Statistical analyses
Categorical variables and continuous variables are presented as percentages and means (±standard deviations), respectively. Student's t-test and the chi-square test were used for continuous variables and categorical variables, respectively, to detect differences between the two groups. Bivariate logistic regression analysis was used to explore the association between cognitive impairment and 30-day mortality. A different adjustment model was also listed: (1) unadjusted; (2) age, sex, and education adjusted;(3) age, sex, education, depression, frailty, and ADL adjusted. Additionally, we performed subgroup analysis based on sex and age group (65–75 years old vs. >75 years old) by stratified analysis. We used a two-tailed P < 0.05 as a significant difference. All statistical analysis methods were conducted using SAS 9.4 software (SAS Institute Inc., Cary, NC, USA).
Results
Patient characteristics
At the initial stage, we recruited 9,996 patients, with 9,303 participants finishing the demographic and cognitive assessment questionnaire survey. And 89 patients did not finish GDS measurement due to delirium or dementia, leaving 9,194 subjects for the final analysis, with 20 participants lost to follow-up (Figure 1). Overall, this cohort's mean age was 72.41 (SD = 5.72), with 58.1% being male. A total of 20.5% (1,885/9,194) of patients were assessed as having cognitive impairment, of whom 15.5% were illiterate. Most patients (94.5%) were of Han nationality, and 89.0% were married. The percentages of frailty and depression were 16.9% and 16.2%, respectively.
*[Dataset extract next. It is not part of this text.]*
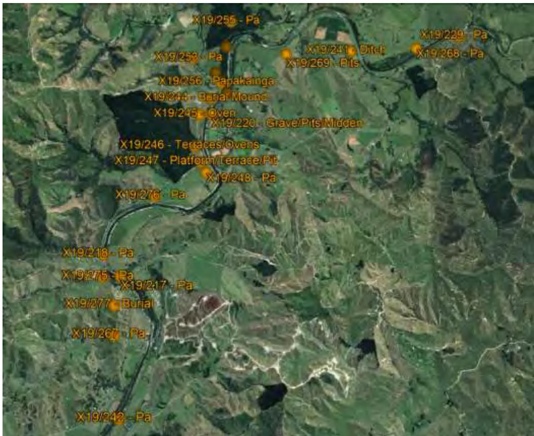
Figure 3: Archaeological sites north of Frasertown

Subjects with normal cognition vs. subjects with cognitive impairment
The baseline characteristics and demographics between cognitive impairment and normal cognitive function are shown in Table 1. Overall, the 1,885 inpatients with cognitive impairment were older, predominantly female, had a higher prevalence of depression and frailty, had a higher incidence of being divorced or widowed, had a higher incidence of being bedridden, and had more vision, hearing, or sleep dysfunction compared with the 7,309 participants with normal cognitive function. In addition, inpatients with cognitive impairment had lower BMI and ADL than inpatients without cognitive impairment.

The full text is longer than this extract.